### Aim of the exercise
Repeat the listing below word for word, minus the pictures.

- Opening Delimiter -

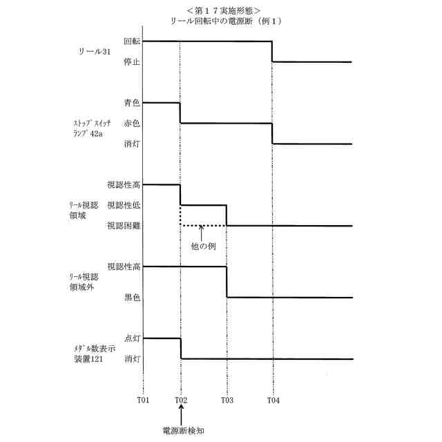 電源断が発生してストップスイッチランプの点灯色が第1の色から第2の色になったタイミングでは、リールが視認困難となっているように構成されている(図298中、他の例)
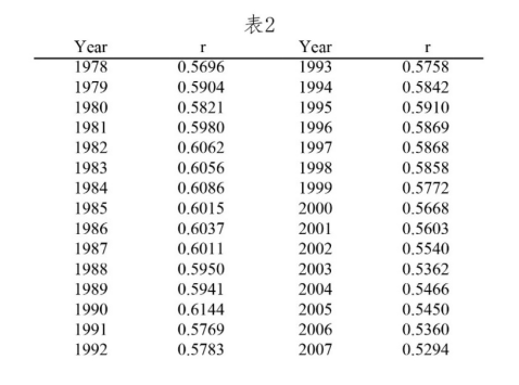 其中,r为劳动收入份额,l为劳动收入,g为按收入法计算的当年GDP,t为间接税。
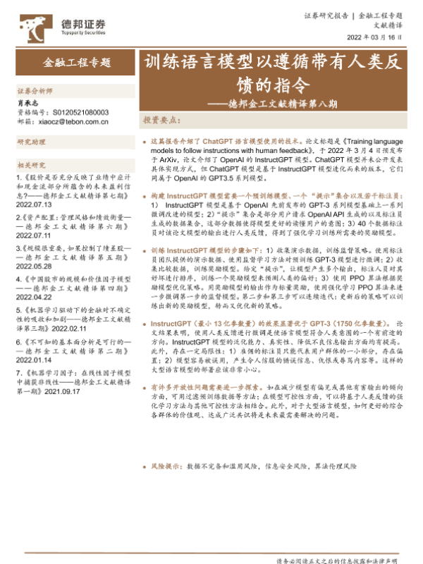 【德邦证券】【20230316】训练语言模型以遵循带有人类反馈的指令-30页 行业研究
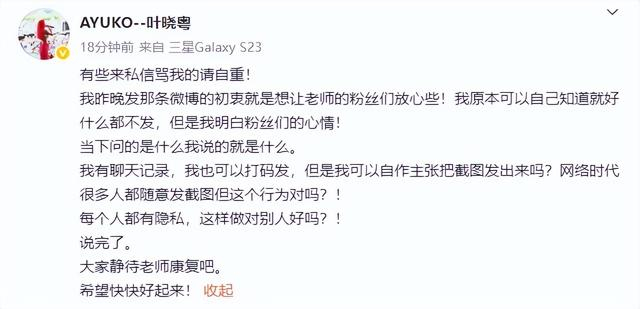 有些来私信骂我的请自重!我昨晚发那条微博的初衷就是想让老师的粉丝们放心些!我原本可以自己知道就好什么都不发,但是我明白粉丝们的心情!当下问的是什么我说的就是什么。我有聊天记录,我也可以打码发,但是我可以自作主张把截图发出来吗?网络时代很多人都随意发截图但这个行为对吗?!每个人都有隐私,这样做对别人好吗?!说完了。大家静待老师康复吧。希望快快好起来!
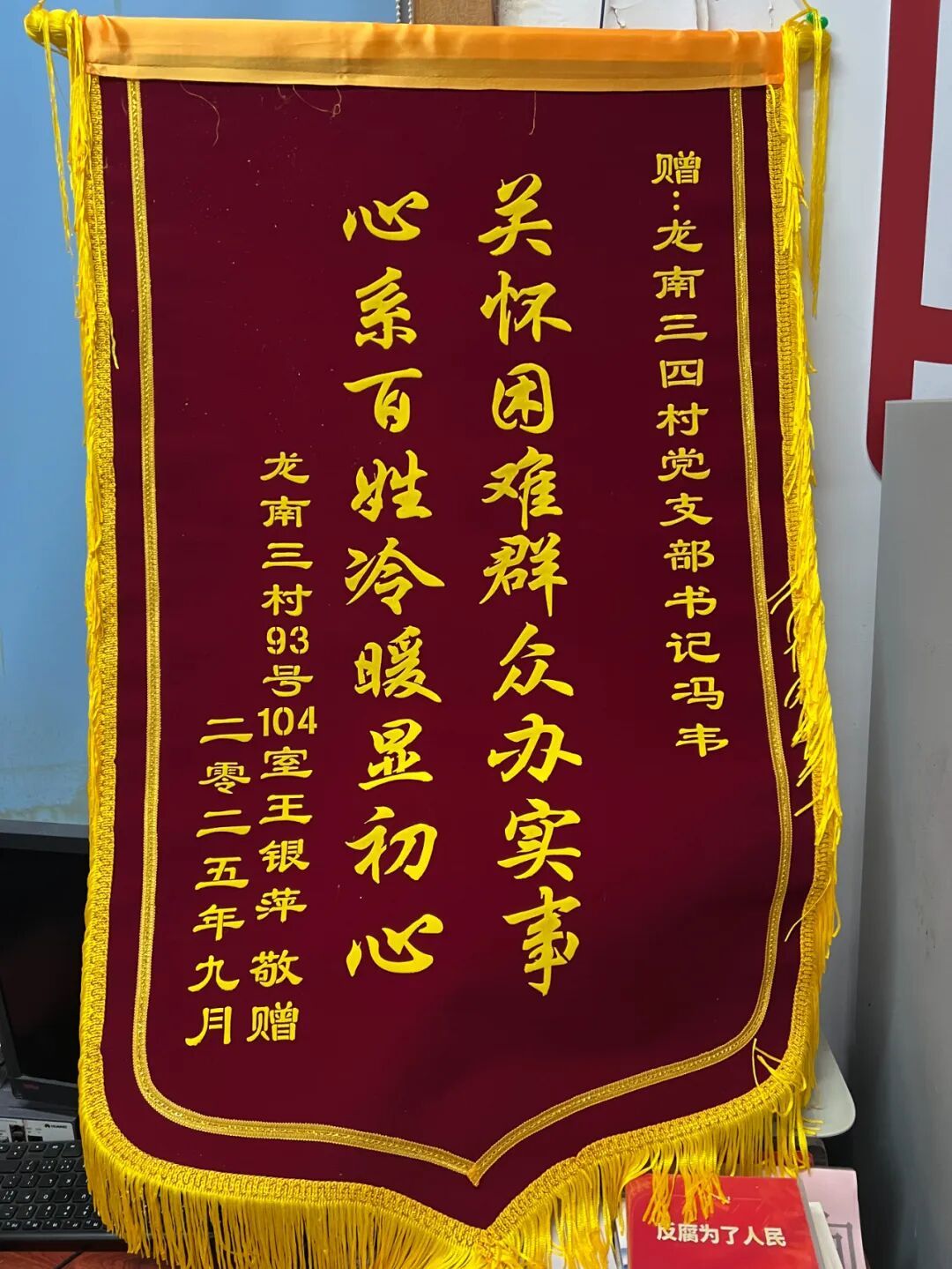 龙南三四村居委会工作人员还上门为王阿姨送上帮困物资。王阿姨特地为龙三四居委会送上了锦旗,上面写道“关怀困难群众办实事、心系百姓冷暖显初心”。

- Closing Delimiter -

### Exercise result
 電源断が発生してストップスイッチランプの点灯色が第1の色から第2の色になったタイミングでは、リールが視認困難となっているように構成されている(図298中、他の例)
 其中,r为劳动收入份额,l为劳动收入,g为按收入法计算的当年GDP,t为间接税。
 【德邦证券】【20230316】训练语言模型以遵循带有人类反馈的指令-30页 行业研究
 有些来私信骂我的请自重!我昨晚发那条微博的初衷就是想让老师的粉丝们放心些!我原本可以自己知道就好什么都不发,但是我明白粉丝们的心情!当下问的是什么我说的就是什么。我有聊天记录,我也可以打码发,但是我可以自作主张把截图发出来吗?网络时代很多人都随意发截图但这个行为对吗?!每个人都有隐私,这样做对别人好吗?!说完了。大家静待老师康复吧。希望快快好起来!
 龙南三四村居委会工作人员还上门为王阿姨送上帮困物资。王阿姨特地为龙三四居委会送上了锦旗,上面写道“关怀困难群众办实事、心系百姓冷暖显初心”。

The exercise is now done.